Although the fish is called red, in fact its meat is white, it has virtually no bones and tastes like veal. And the meat of this fish and eggs contain fatty acids omega-3. These acids are extremely useful for our body – they restore nerve cells, normalizes the activity of the brain and ocular blood circulation. To prepare the sturgeon: it will make an excellent ear, it can be boiled, broiled, fried, steamed, smoke, bake and make jelly. Many recipes suggest to add to the dishes of sterlet wine or even champagne. Very tasty work if the ear to add the Brut. Anyway this fish is easy to experiment, so in order to cook sturgeon do not need to be a good cook. The main thing is to choose fish – it should be elastic, and after you should immediately restore the form. The gills should be dark red. And one more thing – the fresh fish is on the palm directly, nor her head, nor the tail is not hanging down. Here is the recipe sterlet baked in salt.



You will need:

one starlet – 2 kg

flaky sea salt - 3.5 kg

fine sea salt -1 kg

mustard seeds – 100g

olive oil – 1 tbsp

salt

pepper white



1. In a bowl, mix the major and minor sea salt, add the mustard seeds and a glass of water.

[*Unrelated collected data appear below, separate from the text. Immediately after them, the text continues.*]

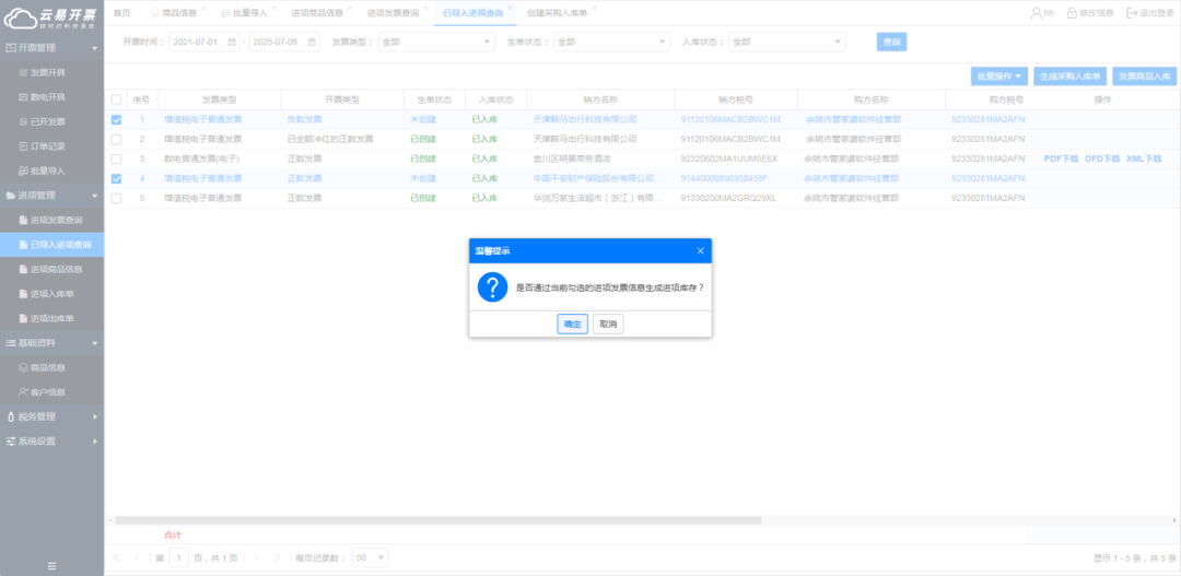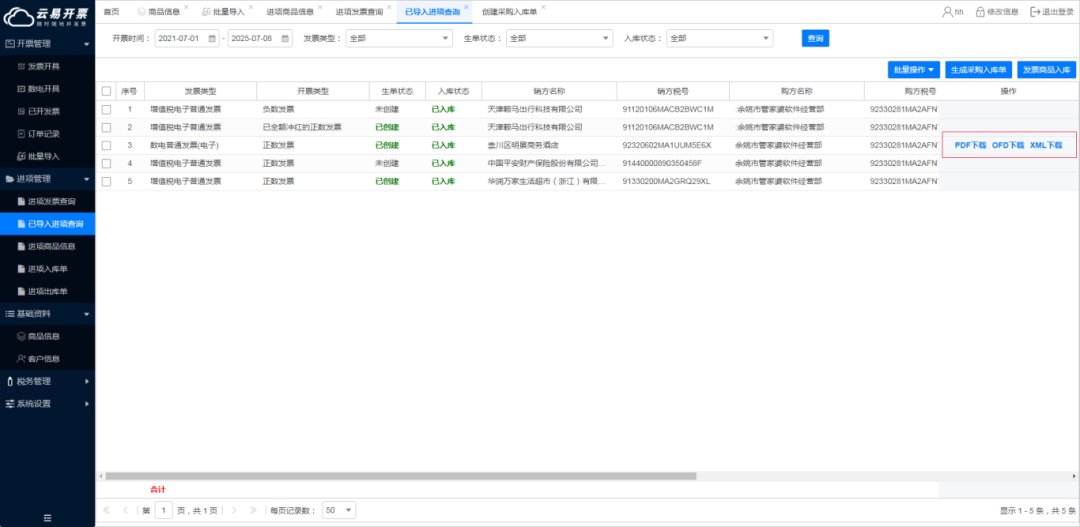 痛點(diǎn):某制造業(yè)企業(yè)每月需處理500+張進(jìn)項(xiàng)發(fā)票,手工錄入發(fā)票信息耗時(shí)費(fèi)力,庫(kù)存數(shù)據(jù)與發(fā)票內(nèi)容常不一致,導(dǎo)致采購(gòu)計(jì)劃偏差和稅務(wù)抵扣風(fēng)險(xiǎn)。 直連電子稅務(wù)局,進(jìn)項(xiàng)發(fā)票數(shù)據(jù)批量獲取、一鍵下載,再也不用等銷方慢慢傳,發(fā)票來(lái)了系統(tǒng)自動(dòng) “接”,省出大把核對(duì)時(shí)間。
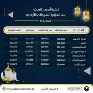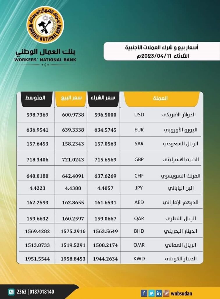 اسعار العملات اليومية من عدد من البنوك السودانية.
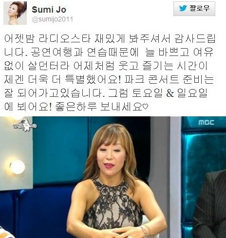 성악가 조수미가 라디오스타 출연 소감을 전했다.조수미는 12일 자신의 트위터에 “어젯밤 라디오스타 재밌게 봐주셔서 감사드립니다. 공연여행과 연습 때문에 늘 바쁘고 여유 없이 살던 터라 어제처럼 웃고 즐기는 시간이 제겐 더욱 더 특별했어요!”라는 글을 게재했다.
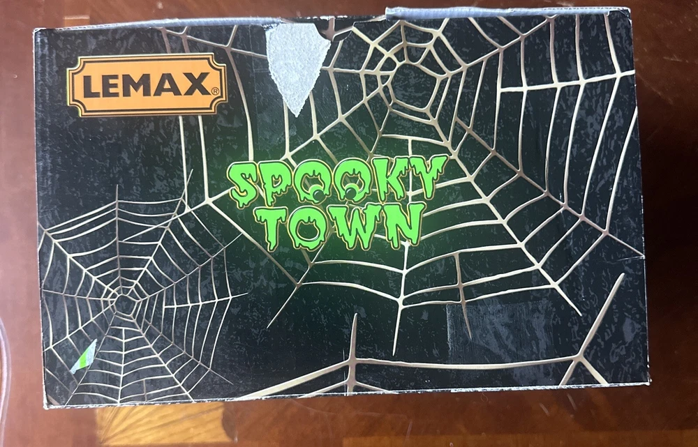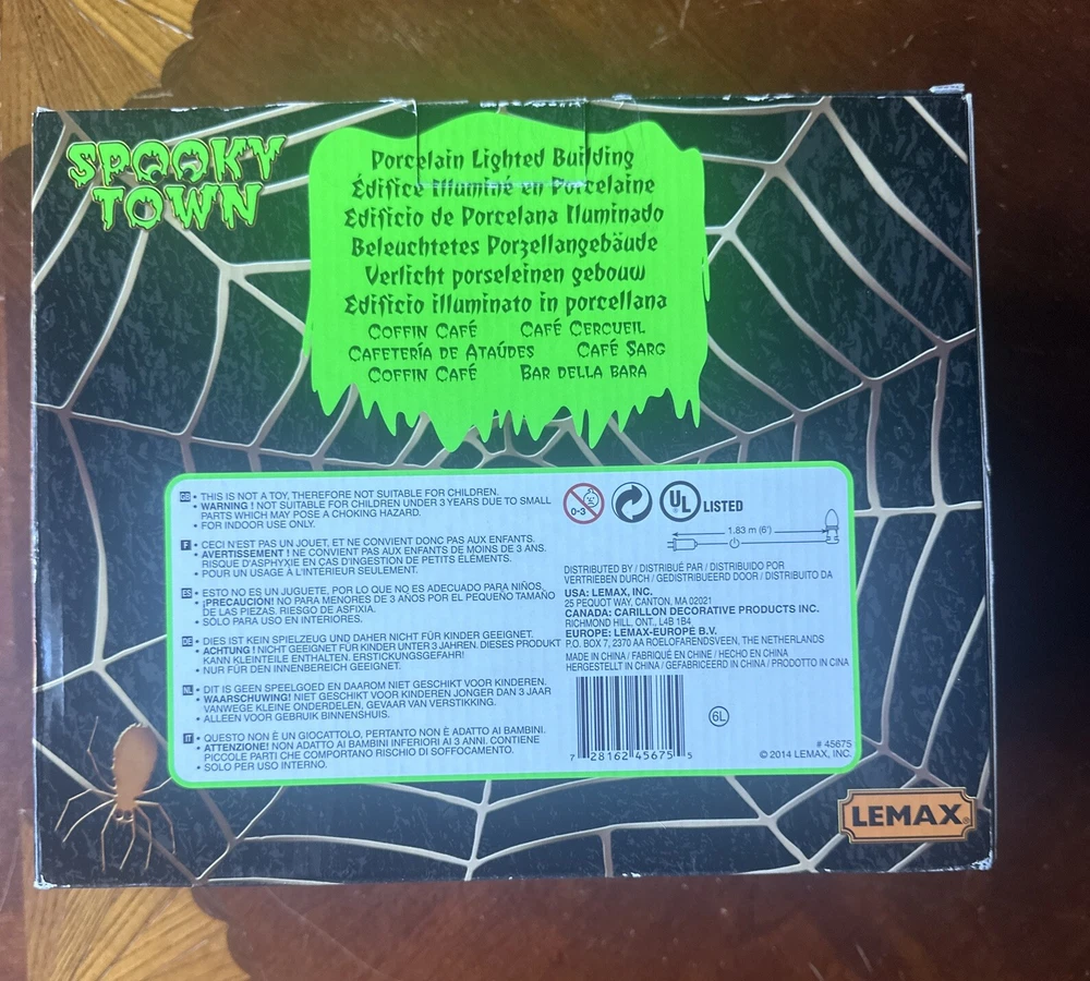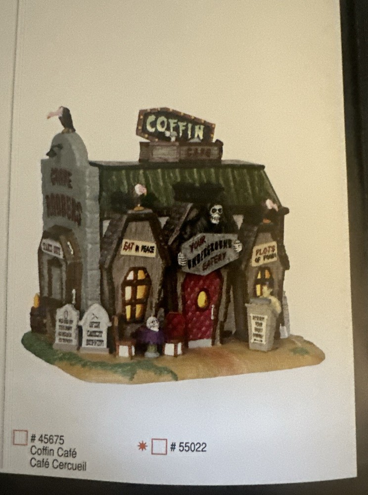 Lemax Spooky Town Coffin Cafe Porcelain Lighted Building #45675 With Light & Box New open box this was purchased at a estate sale Looks like it has never been used haunted cafe is still in plastic wrap and the light bulb in plastic wrap. Please see pictures for details Kindly send me a message if you have any questions. Thank you for looking 🎃 Bin 14

2. Sturgeon to clean, remove the entrails, gills and dorsal fin. In order to remove the vesiga, you need to make an incision near the tail, to catch the needle or plug part of visage and pulling it out. Then rinse the fish and dry it with a paper towel. Season the sturgeon with salt and pepper inside.

3. On a baking sheet place a layer of mixture of salt and mustard. The layer should be thin. Lay the fish belly down.

4. With olive oil (sides and back sterlet and then the remaining mixture of salt to completely cover the fish. Then lightly press with your hands.

5. In the oven should be 200 degrees and bake there sturgeon 20-30 minutes.

6. When the fish is ready, remove it from the oven to purify salt (may need a hammer) and remove the skin.

7. Feeding sturgeon must be immediately and garnish it with salad leaves, cherry tomatoes and spinach. Bon appetit!